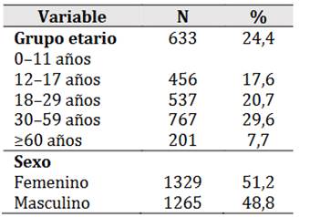 an˜os (24,4 %) y jo´venes de 18–29 an˜os (20,7 %). En menor proporcio´n se registraron casos en adolescentes de 12 a 17 an˜os (17,6 %) y en adultos mayores de 60 an˜os (7,7 %). La distribucio´n por sexo fue relativamente equilibrada, con ligera predominancia del sexo femenino (51,2 %) en comparacio´n con el masculino (48,8 %) (Tabla 1).
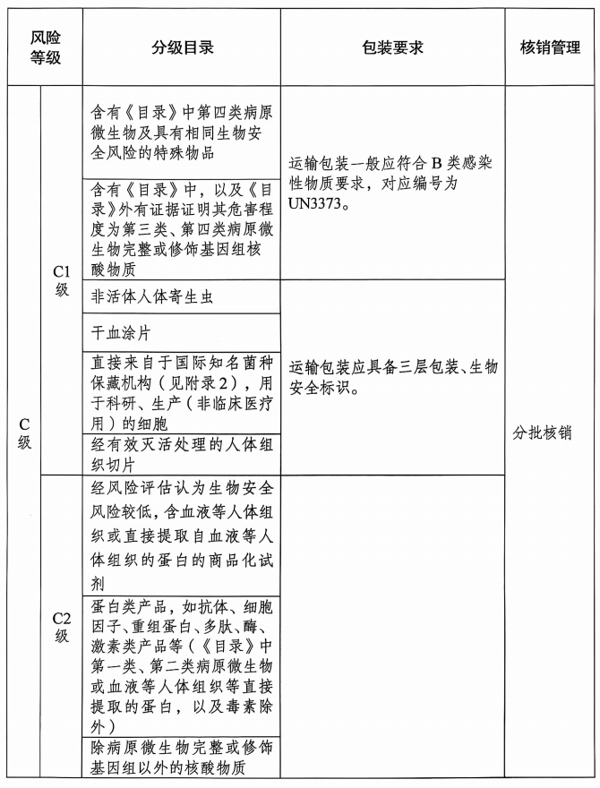二、审批要求方面,审批有效期及核销管理与之前一致(检疫审批方面,A级有效期为3个月、B级为6个月、C级为12个月;核销管理方面,A级需要一次性核销,B、C级可分批核销)。但在新版监管表检疫审批中,强调了不同风险等级特殊物品的运输包装要求。
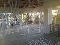 吹上町の戦没者1219名を祀った神社に、吹上に住んでいる人々から集めた、シーツやカーテン、ワイシャツなどの白い布にハサミを入れ、この場で編みこんでいった
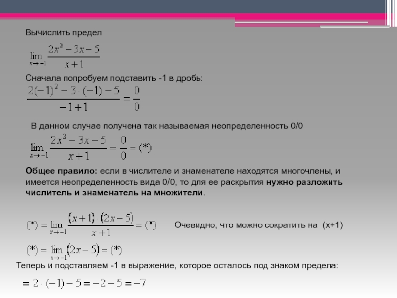 Общее правило: если в числителе и знаменателе находятся многочлены, и имеется неопределенность вида 0/0, то для ее раскрытия нужно разложить числитель и знаменатель на множители.
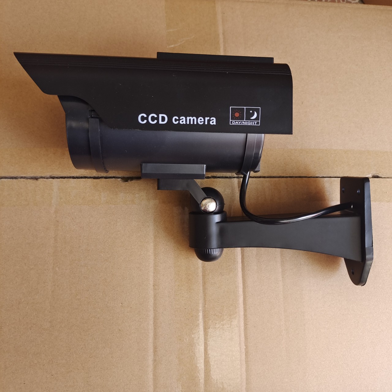 太陽エネルギーのシミュレーションのカメラの偽の監視は明かりをつけて黒色の銀色に点滅します。
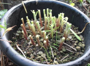 | 「栽培」というほど何もしていません。ホームセンターで苗を購入し、キク鉢に植え付けています。栽培が簡単で生育が非常に早いのでビックリしています。 | |||

* * *

*Action item*
Skip every picture. Repeat word for word the lines from the line holding "二、审批要求方面,审批有效期" through the end of the entries above.

*Solved problem*
二、审批要求方面,审批有效期及核销管理与之前一致(检疫审批方面,A级有效期为3个月、B级为6个月、C级为12个月;核销管理方面,A级需要一次性核销,B、C级可分批核销)。但在新版监管表检疫审批中,强调了不同风险等级特殊物品的运输包装要求。
 吹上町の戦没者1219名を祀った神社に、吹上に住んでいる人々から集めた、シーツやカーテン、ワイシャツなどの白い布にハサミを入れ、この場で編みこんでいった
 Общее правило: если в числителе и знаменателе находятся многочлены, и имеется неопределенность вида 0/0, то для ее раскрытия нужно разложить числитель и знаменатель на множители.
 太陽エネルギーのシミュレーションのカメラの偽の監視は明かりをつけて黒色の銀色に点滅します。
 | 「栽培」というほど何もしていません。ホームセンターで苗を購入し、キク鉢に植え付けています。栽培が簡単で生育が非常に早いのでビックリしています。 | |||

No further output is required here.